81:  The doctors here say I am not breathing with my left lung at all, &
82:  only with part of my right. Through these lungs the heart has to force
83:  the blood & I don’t see how anything can really be done. If I had a
84:  place in Africa that suited me as Blauberg suited Ettie I would just
85:  stay on quietly here in Africa & wait for the end, but I have no where
86:  to go. I have never recovered from my last years stay at Muizenberg.

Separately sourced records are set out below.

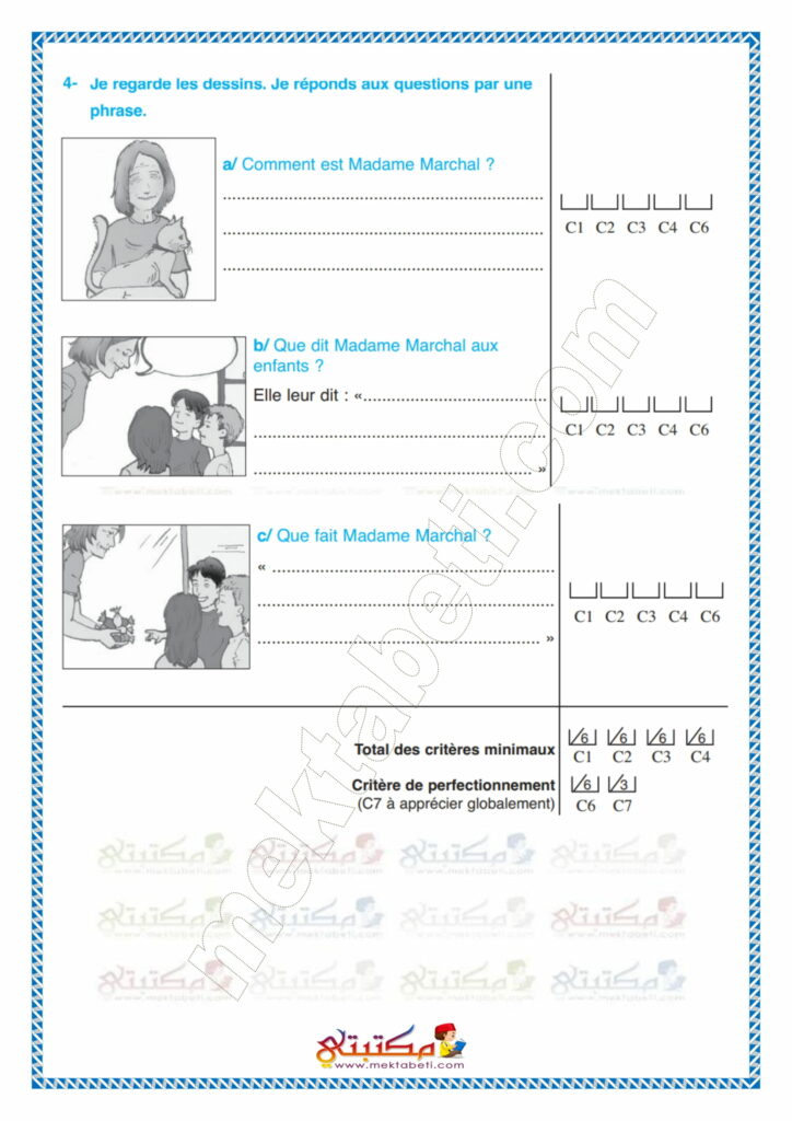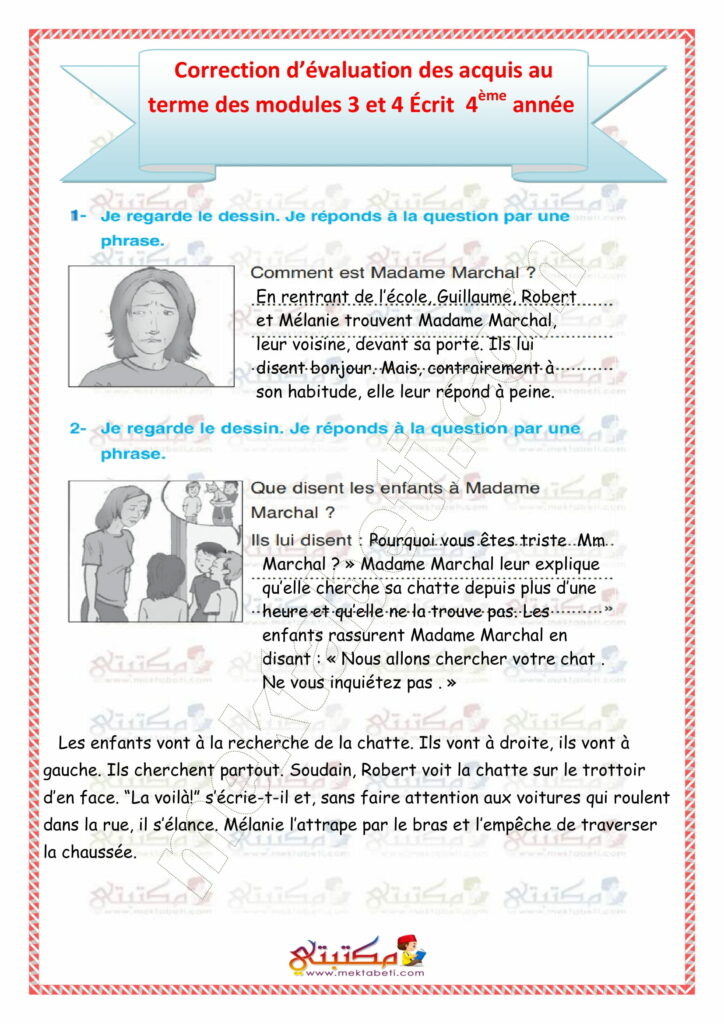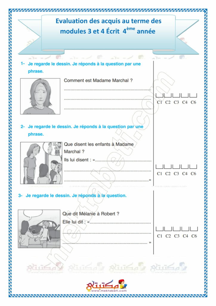 Évaluation des acquis au terme des modules 3 et 4 Écrit 4ème année
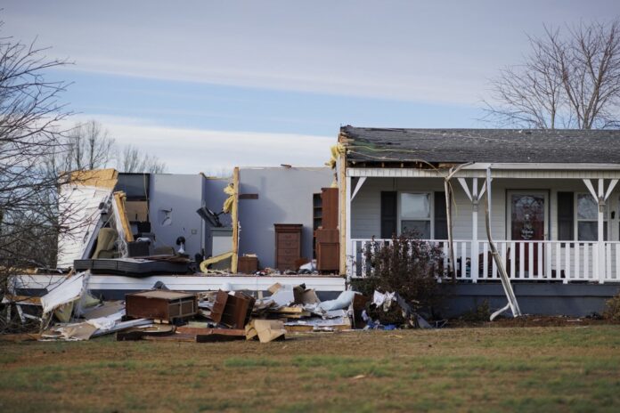 A home damaged by winds stands with some of the walls and roof missing after a tornado ripped through the area the previous evening on December 11, 2021 in Mayfield, Kentucky. — Getty Images via AFP
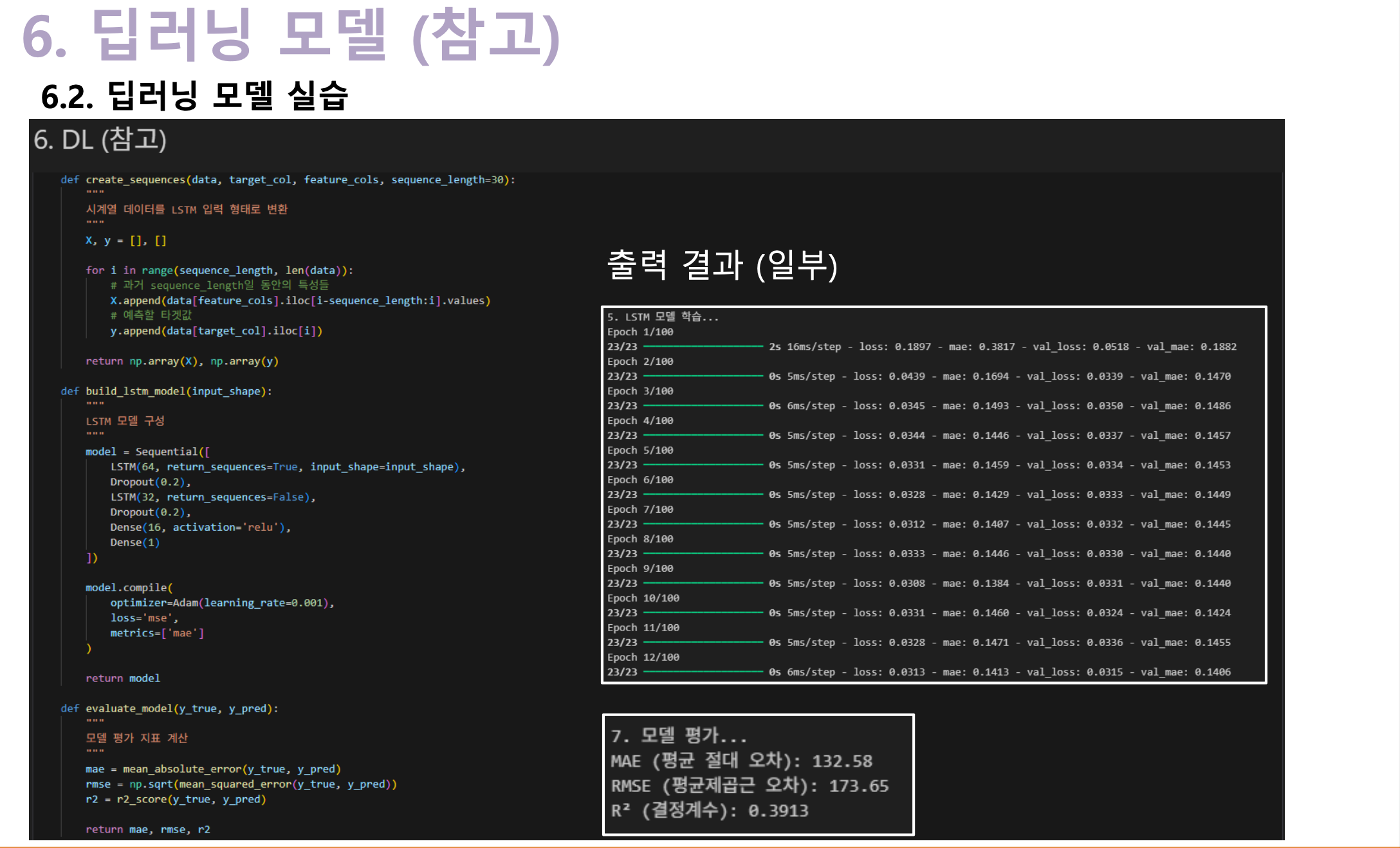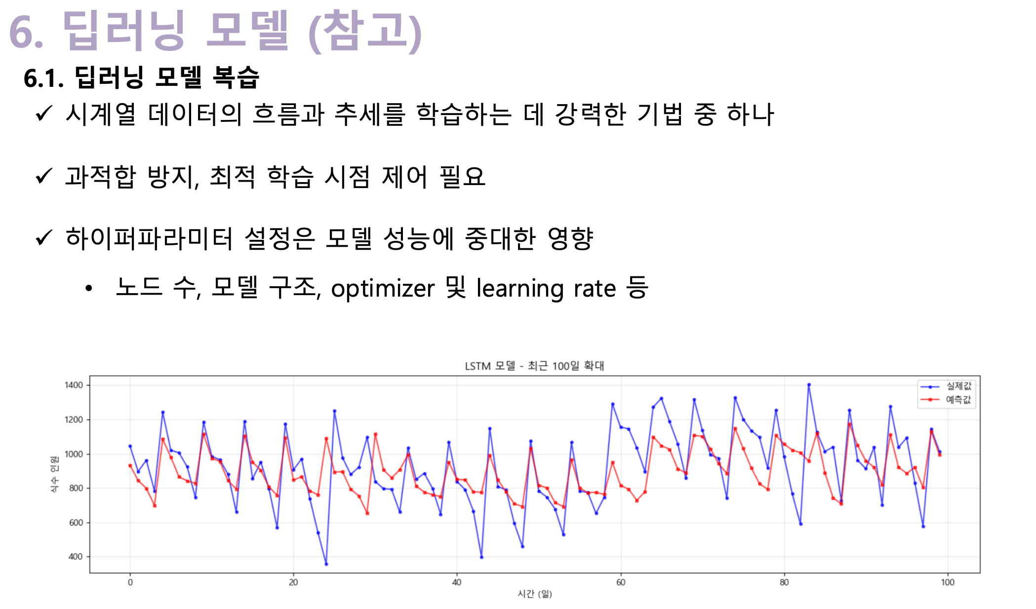 마지막으로 참고를 하기 위해서 딥러닝 모델을 설명 할 것임. 딥러닝 모델도 시계열 데이터의 흐름과 추세를 학습하는데 강력한 기법 중 하나다.
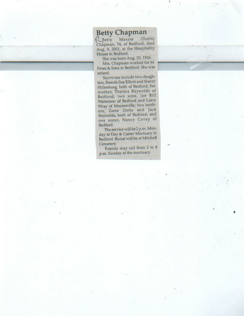 Survived By Mother, Thelma Reynolds; daughters, Brenda Sue Elliott and Sherry Hillenburg; sons, Joe Bill Watterson and Larry Wray; brothers, Gene Dotts and Jack Reynolds; sister, Nancy Covey.

87:  My lungs have been much worse ever since. I feel I want to go to
88:  Europe especially if the end is coming because there are nursing homes
89:  & places where I can stay & trouble no one. I don’t see what is to
90:  become of me in this country.
91: 
92:  Forgive this long letter; but I want to explain. Pethick Lawrence says
93:  I must cable to him when I leave, & he or his wife will be waiting
94:  ready to take me on to Italy when I land in England. I shall only stay
95:  three or perhaps 4 days in England to see Mackenzie & other
96:  specialists. I fee fear I shall not see our children as they will be
97:  away on their holiday. I am going to sail on the Edinburgh Castle on
98:  the 6th of December.
99: 
100:  Good bye my dear old brother. If Carloni does me any good at Florence
101:  you must come & try him. Your lungs are still sound & he might cure
102:  you. Florence would be a much nicer place to go to than Nauheim. Quite
103:  the most lovely city in the world except Rome.
104: 
105:  Your good for nothing little sister
106:  Olive
107: 
108:  I wouldn’t pretend to borrow the money from you. If I couldn’t
109:  give you a surety I would rather just ask you to give it me.
110: 


Notation
The 'big novel' referred to is From Man to Man.